Objectives: Postpartum hemorrhage (PPH) is a major contributor to maternal mortality worldwide and is a leading cause of pregnancy-related mortality in the United States. The American College of Obstetricians and Gynecologists, the Royal College of Obstetricians and Gynecologists, and the World Health Organization advocate for the early use of tranexamic acid (TXA) in the prevention of PPH. The purpose of this study was to determine the efficacy and patient characteristics of the use of prophylactic TXA administration during cesarean delivery (CD) as part of a newly instituted policy to reduce blood loss and PPH rates in a tertiary care regional rural and underserved maternal care center.

Methods: An electronic quality assurance chart review from February 2020 through October 2021 of more than 2705 patients was conducted, comparing two groups after implementation of a TXA protocol for all CDs. In total, four CD groups were analyzed (control group without TXA before policy, PPH group without TXA before policy, TXA control group after policy, and PPH group with TXA after policy).

Results: PPH rates decreased with TXA use (9.7% vs 1.5%). TXA use was more likely to be given to patients with one or more of the following characteristics: commercial insurance, self-identified Asian race, admission from a doctor's office, urgent CD delivery, fetal distress, abruptio placenta/placenta previa, and extended hospital length of stay with increased hospitalization cost. Subset analysis of 720 patients revealed decreased blood loss (896.4 ± 521.0 mL vs 771.1 ± 405.6 mL, P = 0.0004) and fewer blood transfusions with TXA use (6.7% vs 1.1%, P = 0.0001).
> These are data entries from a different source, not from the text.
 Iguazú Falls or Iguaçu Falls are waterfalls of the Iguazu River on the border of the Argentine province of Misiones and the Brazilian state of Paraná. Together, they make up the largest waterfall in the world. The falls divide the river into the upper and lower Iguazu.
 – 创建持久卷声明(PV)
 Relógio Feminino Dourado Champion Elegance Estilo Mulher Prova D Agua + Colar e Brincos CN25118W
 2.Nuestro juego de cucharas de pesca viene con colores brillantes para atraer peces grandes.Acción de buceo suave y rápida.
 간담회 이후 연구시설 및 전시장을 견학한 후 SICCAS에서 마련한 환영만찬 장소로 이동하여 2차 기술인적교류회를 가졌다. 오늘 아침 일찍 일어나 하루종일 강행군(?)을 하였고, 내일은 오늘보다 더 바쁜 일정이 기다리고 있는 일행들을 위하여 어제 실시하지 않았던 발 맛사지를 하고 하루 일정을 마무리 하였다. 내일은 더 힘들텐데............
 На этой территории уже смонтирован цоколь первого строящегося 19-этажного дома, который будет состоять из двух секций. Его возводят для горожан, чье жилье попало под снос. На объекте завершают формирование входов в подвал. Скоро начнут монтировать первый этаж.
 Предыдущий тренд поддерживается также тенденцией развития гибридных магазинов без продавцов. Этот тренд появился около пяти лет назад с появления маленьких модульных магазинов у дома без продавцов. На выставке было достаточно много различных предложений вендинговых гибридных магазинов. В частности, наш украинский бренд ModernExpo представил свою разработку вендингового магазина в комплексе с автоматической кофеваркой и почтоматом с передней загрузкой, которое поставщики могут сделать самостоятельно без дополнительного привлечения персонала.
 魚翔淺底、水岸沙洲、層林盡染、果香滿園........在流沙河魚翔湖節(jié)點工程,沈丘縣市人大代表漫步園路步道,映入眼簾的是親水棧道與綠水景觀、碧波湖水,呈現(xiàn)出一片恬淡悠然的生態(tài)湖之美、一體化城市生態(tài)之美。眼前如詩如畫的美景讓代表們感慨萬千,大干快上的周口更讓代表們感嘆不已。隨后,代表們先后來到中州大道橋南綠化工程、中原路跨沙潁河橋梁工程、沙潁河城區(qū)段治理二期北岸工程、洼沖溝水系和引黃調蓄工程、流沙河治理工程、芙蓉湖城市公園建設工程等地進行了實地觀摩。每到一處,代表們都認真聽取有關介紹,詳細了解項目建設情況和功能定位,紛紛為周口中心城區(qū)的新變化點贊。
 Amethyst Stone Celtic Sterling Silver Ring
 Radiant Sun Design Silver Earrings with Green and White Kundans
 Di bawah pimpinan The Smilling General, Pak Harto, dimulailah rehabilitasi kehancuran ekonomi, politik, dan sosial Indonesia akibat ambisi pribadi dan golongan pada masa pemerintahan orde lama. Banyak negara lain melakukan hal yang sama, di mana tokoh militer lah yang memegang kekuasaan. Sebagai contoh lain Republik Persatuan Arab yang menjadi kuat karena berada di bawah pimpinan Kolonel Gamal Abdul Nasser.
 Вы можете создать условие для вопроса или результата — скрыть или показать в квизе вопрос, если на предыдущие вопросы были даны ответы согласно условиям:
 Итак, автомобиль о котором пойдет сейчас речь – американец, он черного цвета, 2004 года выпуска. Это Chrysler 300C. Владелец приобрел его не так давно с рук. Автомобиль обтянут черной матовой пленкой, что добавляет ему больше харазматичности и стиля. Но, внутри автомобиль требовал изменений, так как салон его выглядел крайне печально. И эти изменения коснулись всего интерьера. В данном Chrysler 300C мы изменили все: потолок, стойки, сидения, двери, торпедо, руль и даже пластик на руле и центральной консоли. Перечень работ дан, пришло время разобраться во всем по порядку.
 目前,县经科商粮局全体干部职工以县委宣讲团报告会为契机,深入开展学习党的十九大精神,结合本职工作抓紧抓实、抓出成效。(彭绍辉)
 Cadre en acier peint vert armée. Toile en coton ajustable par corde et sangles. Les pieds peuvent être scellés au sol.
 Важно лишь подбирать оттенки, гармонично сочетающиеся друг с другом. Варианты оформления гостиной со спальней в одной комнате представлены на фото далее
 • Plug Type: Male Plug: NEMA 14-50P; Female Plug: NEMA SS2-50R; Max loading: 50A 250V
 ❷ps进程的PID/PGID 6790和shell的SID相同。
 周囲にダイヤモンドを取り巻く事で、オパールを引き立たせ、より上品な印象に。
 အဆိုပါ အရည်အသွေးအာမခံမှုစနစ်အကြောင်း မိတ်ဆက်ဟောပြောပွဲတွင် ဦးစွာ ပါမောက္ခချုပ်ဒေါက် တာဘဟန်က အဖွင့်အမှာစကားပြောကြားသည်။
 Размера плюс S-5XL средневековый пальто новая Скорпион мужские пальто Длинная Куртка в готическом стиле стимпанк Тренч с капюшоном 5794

Conclusions: Prophylactic policy-driven TXA administration during CD protocol-driven TXA administration decreases PPH.

农村卫生保健机构剖宫产预防政策驱动的氨甲环酸应用效果。
目的:产后出血(PPH)是全球孕产妇死亡的主要原因,也是美国妊娠相关死亡的主要原因。美国妇产科医师学会、英国皇家妇产科医师学会和世界卫生组织都提倡尽早使用氨甲环酸(TXA)来预防PPH。本研究的目的是确定在剖宫产(CD)中使用预防性TXA的疗效和患者特征,作为新制定政策的一部分,以减少三级保健地区农村和服务不足的孕产妇保健中心的失血和PPH率。方法:从2020年2月到2021年10月,对2705多名患者进行了电子质量保证图回顾,比较两组在对所有cd实施TXA方案后的情况。总共分析了四组CD(治疗前不含TXA的对照组、治疗前不含TXA的PPH组、治疗后TXA的对照组和治疗后含TXA的PPH组)。结果:PPH率随着TXA的使用而降低(9.7% vs 1.5%)。具有以下一种或多种特征的患者更有可能使用TXA:商业保险、自我认定的亚洲种族、从医生办公室入院、紧急CD分娩、胎儿窘迫、胎盘早剥/前置胎盘、住院时间延长和住院费用增加。720例患者的亚群分析显示,失血量减少(896.4±521.0 mL vs 771.1±405.6 mL, P = 0.0004),使用TXA后输血量减少(6.7% vs 1.1%, P = 0.0001)。结论:在CD方案驱动的TXA给药过程中,预防性政策驱动的TXA给药可降低PPH。
本文章由计算机程序翻译,如有差异,请以英文原文为准。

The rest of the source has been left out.